Friday, Jan 27th, 2017 (7:50 am) - Score 1,579

BT has today published their latest quarterly results (Q4 2016 calendar), which saw their retail broadband base grow by +83k to total 9,276,000 subscribers (up from +76k added in Q3) and Openreach report that 7,177,000 now take an FTTC/P based “fibre broadband” service via their UK network.

Generally the highlights for BT during the past few months have been the start (roll-out) of their huge new 300Mbps G.fast broadband pilot (here) and of course Ofcom’s announcement that it had been unable to reach a voluntary agreement over the future of Openreach (here). Instead Ofcom said it would force BT to adopt “legal separation” of their network access division, which they hope will improve competition and fairness in the market.

Lest we forget that BT’s consumer ISP division has also been busy deploying the IPv6 Internet addressing standard (here), which is now live across their network. However not all of their users have IPv6 enabled broadband routers and existing subscribers with the older HomeHub 4 / 5 routers should be updated over the next few weeks/months. The other recent change of note has been BT’s earlier than expected broadband price hike (here).

Elsewhere Openreach are continuing to roll-out “fibre broadband” (FTTC/P) services across the United Kingdom, which covers over 26 million premises (mostly via their 40-80Mbps capable FTTC / VDSL2 technology) and by 2020 that will also include 2 million premises passed with 1Gbps capable FTTP/H (currently it’s 350,000+). The G.fast roll-out will then add around 10 million premises to this by 2020, but that may largely overlap with existing FTTC.

Otherwise BT’s financial situation remains in good health, albeit with a few weaker areas. However this weeks Italian accounting scandal has had an impact.
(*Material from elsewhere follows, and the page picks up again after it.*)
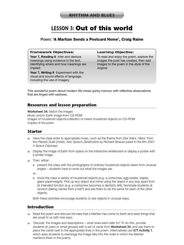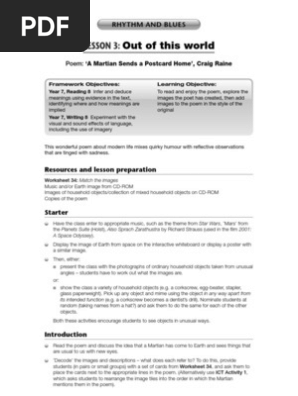 English Worksheets Craig Raine Analysis A Martian Sends A

Apparently total adjustments relating to the investigation of BT’s Italian business amount to £268m for prior year errors, for which they’ve revised prior periods, and a specific item charge of £245m for changes in accounting estimates (£145m in Q2 and £100m in Q3).

Key Highlights from Today’s Quarterly Report
* BT Groups’ quarterly revenue hit £6,128m (up from £6,007m in Q3 2016)
* BT Group’s reported profits before tax hit £526m (down from £671m)
* BT Group’s net debt hit £8,981m (down from £9,567m)
* BT Wholesale’s quarterly operating profit hit £135m (up from £129m)
* Openreach’s quarterly operating profit hit £327m (up from £297m)
* Openreach’s quarterly capital expenditure hit £409m (up from £357m)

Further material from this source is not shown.